The problem -
Retype all of the listing exactly, passing over any picture you find.

Source records -
=====
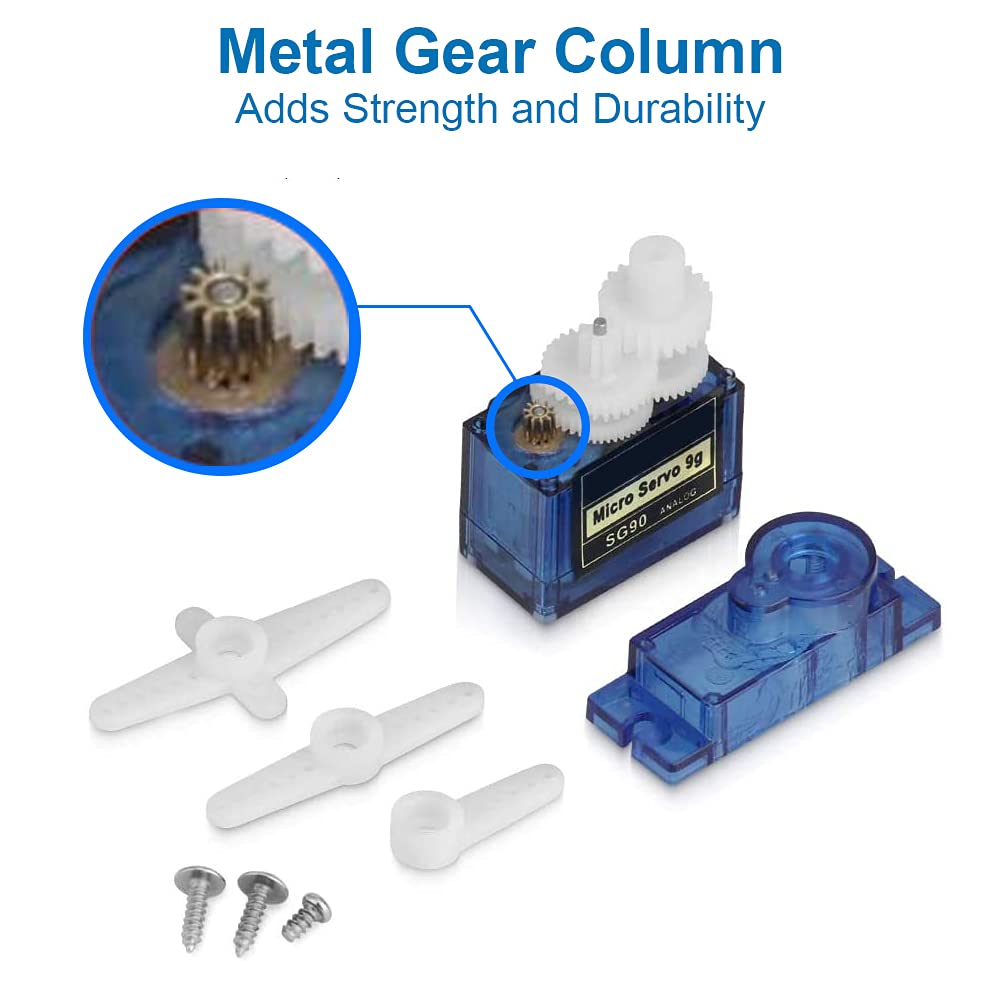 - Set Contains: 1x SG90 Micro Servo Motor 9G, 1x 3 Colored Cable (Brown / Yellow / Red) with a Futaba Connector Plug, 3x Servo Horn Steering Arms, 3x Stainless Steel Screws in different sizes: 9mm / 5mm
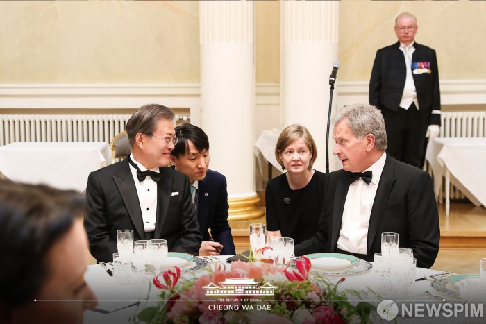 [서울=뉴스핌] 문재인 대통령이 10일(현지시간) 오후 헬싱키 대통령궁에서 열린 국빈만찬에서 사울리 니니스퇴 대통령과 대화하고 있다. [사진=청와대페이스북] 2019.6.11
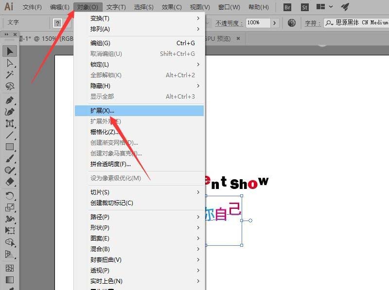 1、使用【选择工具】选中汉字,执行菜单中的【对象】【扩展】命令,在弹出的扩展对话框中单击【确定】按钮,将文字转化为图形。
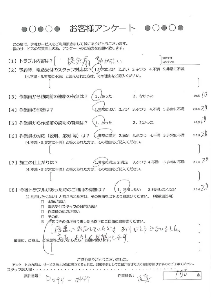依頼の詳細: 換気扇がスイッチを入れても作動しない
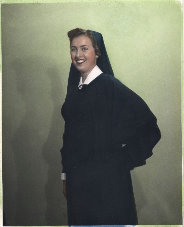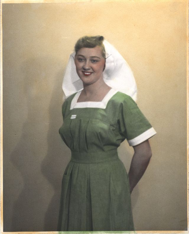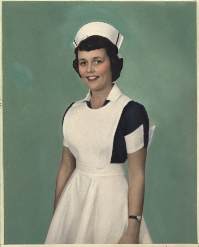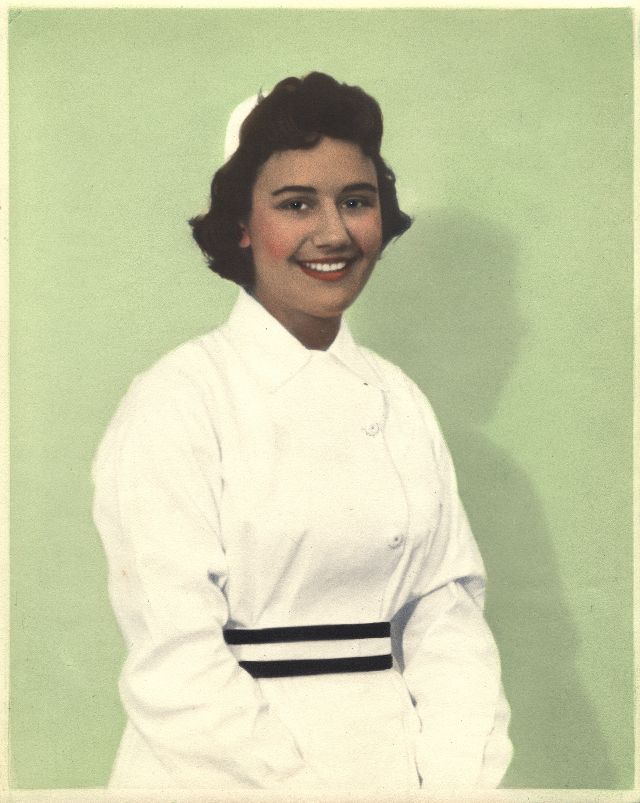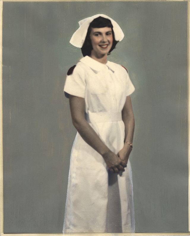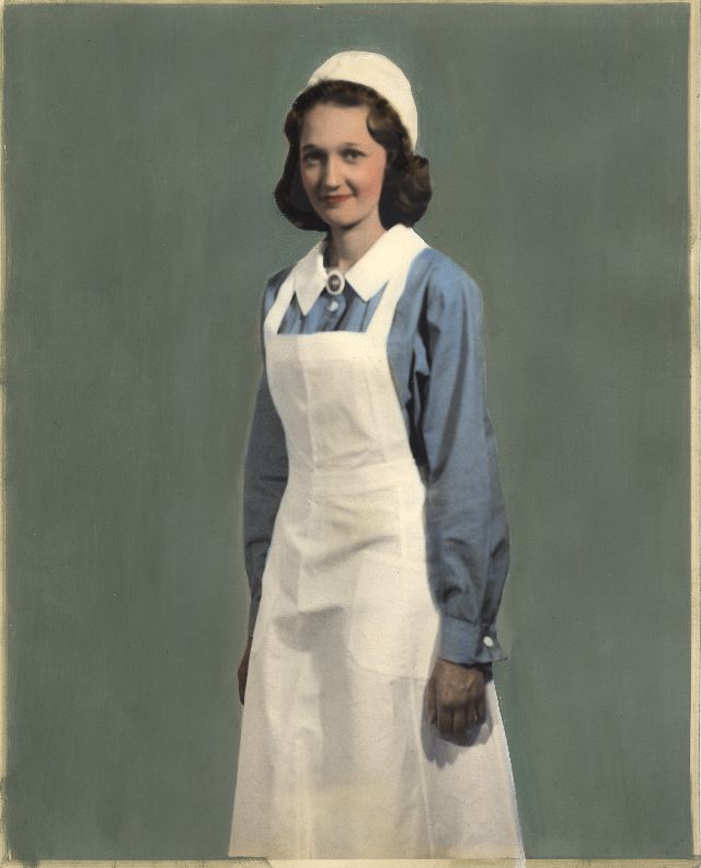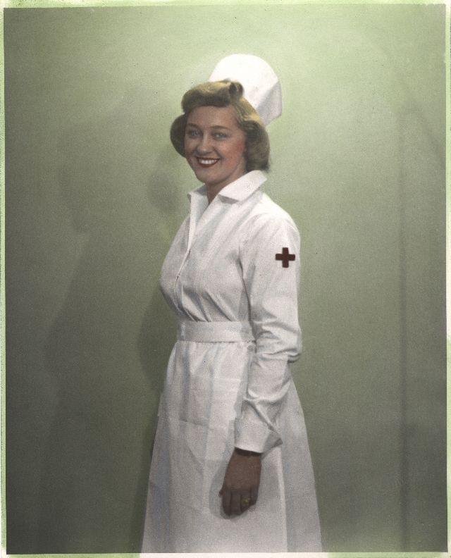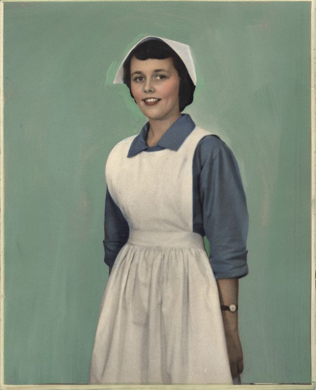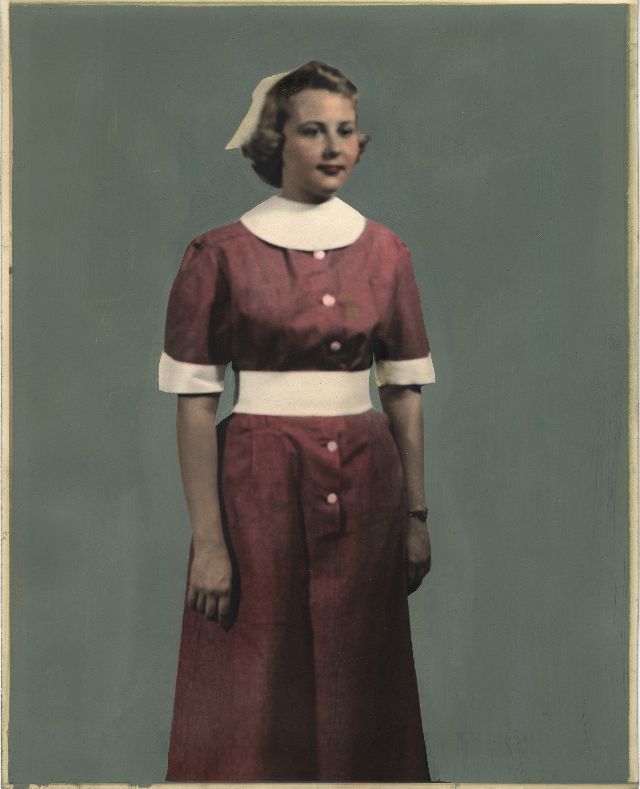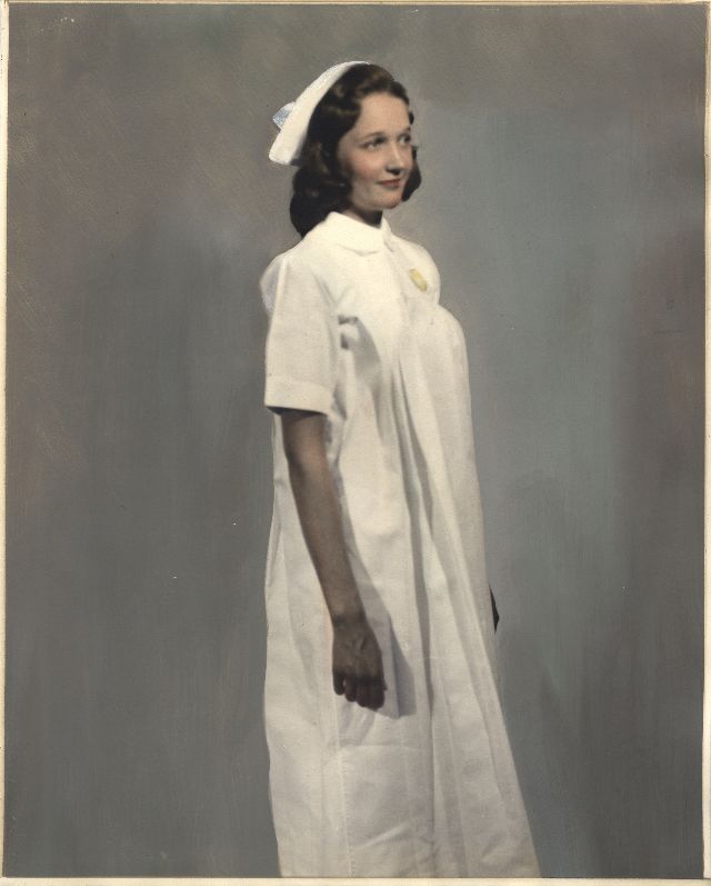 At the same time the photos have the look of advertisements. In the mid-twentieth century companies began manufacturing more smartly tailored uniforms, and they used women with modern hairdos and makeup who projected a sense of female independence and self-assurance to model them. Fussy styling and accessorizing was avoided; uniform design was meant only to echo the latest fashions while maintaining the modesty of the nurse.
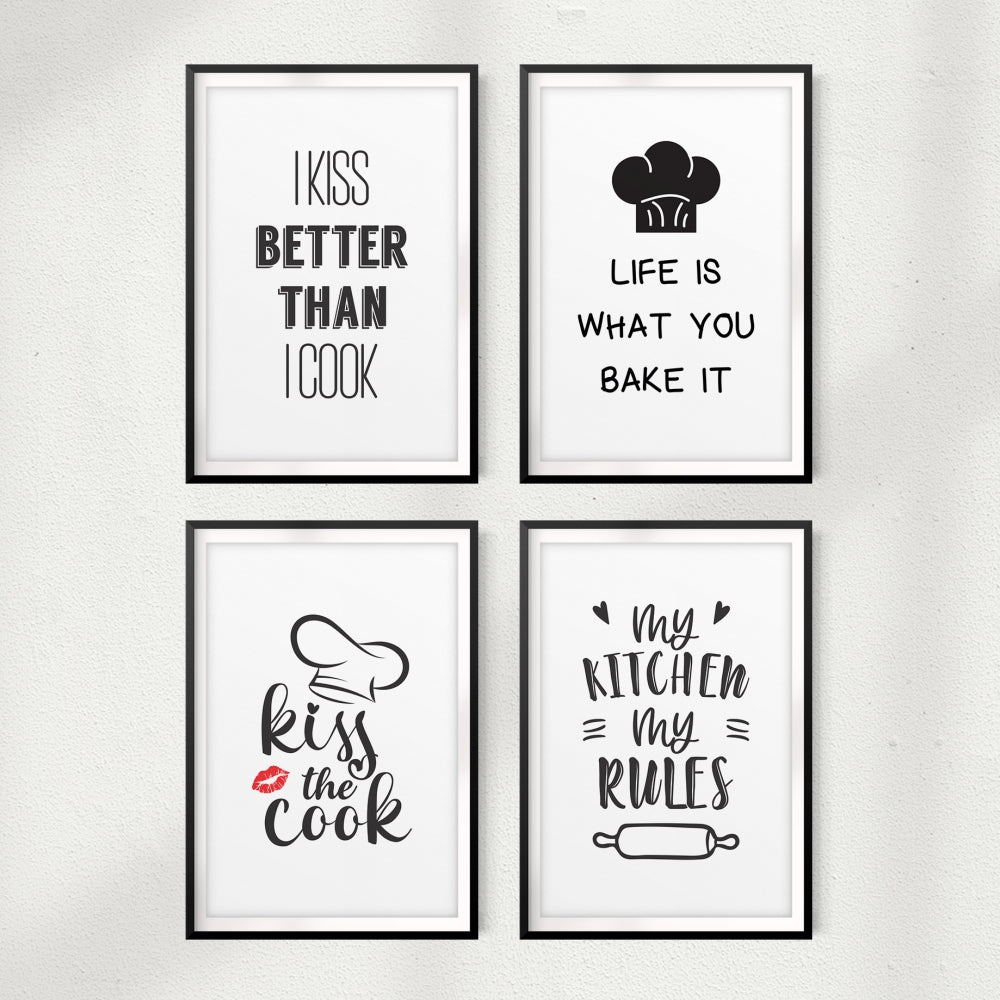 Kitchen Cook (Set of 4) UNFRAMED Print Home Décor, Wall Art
=====
Task output -
 - Set Contains: 1x SG90 Micro Servo Motor 9G, 1x 3 Colored Cable (Brown / Yellow / Red) with a Futaba Connector Plug, 3x Servo Horn Steering Arms, 3x Stainless Steel Screws in different sizes: 9mm / 5mm
 [서울=뉴스핌] 문재인 대통령이 10일(현지시간) 오후 헬싱키 대통령궁에서 열린 국빈만찬에서 사울리 니니스퇴 대통령과 대화하고 있다. [사진=청와대페이스북] 2019.6.11
 1、使用【选择工具】选中汉字,执行菜单中的【对象】【扩展】命令,在弹出的扩展对话框中单击【确定】按钮,将文字转化为图形。
依頼の詳細: 換気扇がスイッチを入れても作動しない
 At the same time the photos have the look of advertisements. In the mid-twentieth century companies began manufacturing more smartly tailored uniforms, and they used women with modern hairdos and makeup who projected a sense of female independence and self-assurance to model them. Fussy styling and accessorizing was avoided; uniform design was meant only to echo the latest fashions while maintaining the modesty of the nurse.
 Kitchen Cook (Set of 4) UNFRAMED Print Home Décor, Wall Art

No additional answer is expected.